Under new amendments backed by the House of Lords, health staff, including doctors and nurses, could be authorised to detain and restrain people experiencing a mental health crisis without police attendance, whether in public spaces or in their own homes.

The proposals, put forward by Tory shadow health minister Lord Kamall, were passed despite opposition from Health Minister Baroness Merron, who said the government did not support “extending police powers in this way.”

The change follows pressure from police leaders, who have long raised concerns about the growing number of mental-health-related incidents that officers are called to attend.

But health leaders have hit back, warning that removing police from these situations puts both patients and clinicians at risk and could undermine trust in mental-health services.

They said: “Reducing police involvement in mental health emergencies could lead to serious risks for both patients and clinicians.”

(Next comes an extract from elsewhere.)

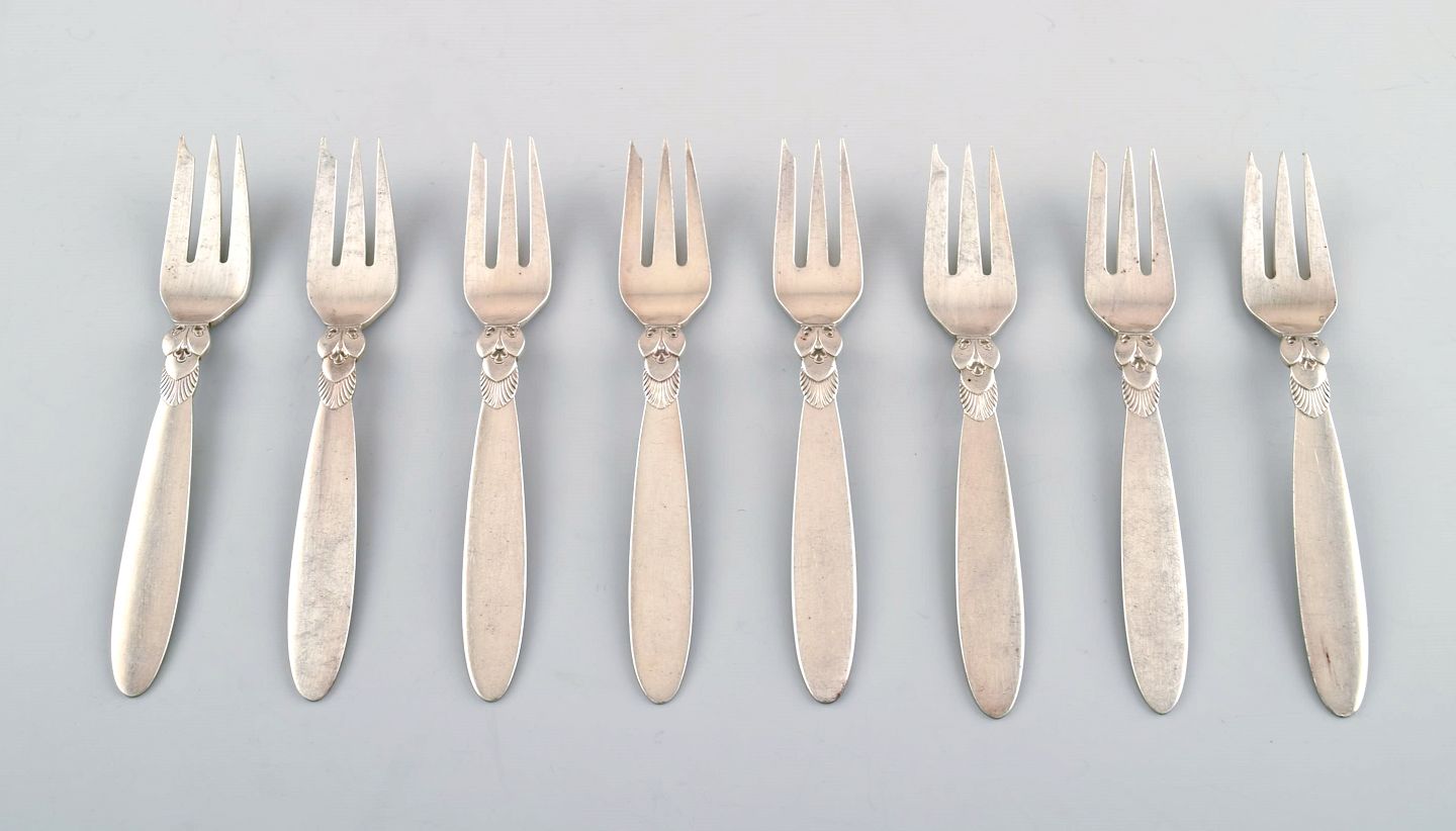 Georg Jensen Sterlingsølv 'Kaktus' bestik. Kagegafler. 8 stk. haves. Måler 13 cm. I perfekt stand. Stemplet. Designet af Gundorph Albertus i 1930.

The organisations also warn that allowing NHS staff to detain people could damage therapeutic relationships, discourage people from seeking help and increase the risk of harm, especially for people from minority backgrounds.

Keep Our NHS Public co-chairman Tony O’ Sullivan said that mental-health services need urgent extra resources and that support for people in crisis — and the staff who care for them — has to be paramount. 

“The wrong answer is to demand that NHS staff change their role from carers to law enforcement in policing the new Mental Health Act,” he told the Star. “This compromises the primary professional duties of staff and fails to stop the erosion of numbers of mental-health beds. 

“At best this is misguided. At worst it has echoes of asking NHS staff to take on the role of ‘border guards’ for undocumented people facing health charges when what is needed is compassion and safe access to care.”

Liberation founder Dorothy Gould said that the main issue with the plan is that detaining mental-health patients against their will in psychiatric hospitals and then forcibly treating them should not be happening at all.

“These forms of coercion are a major breach of our human rights under the UN Convention on the Rights of Disabled People,” she said.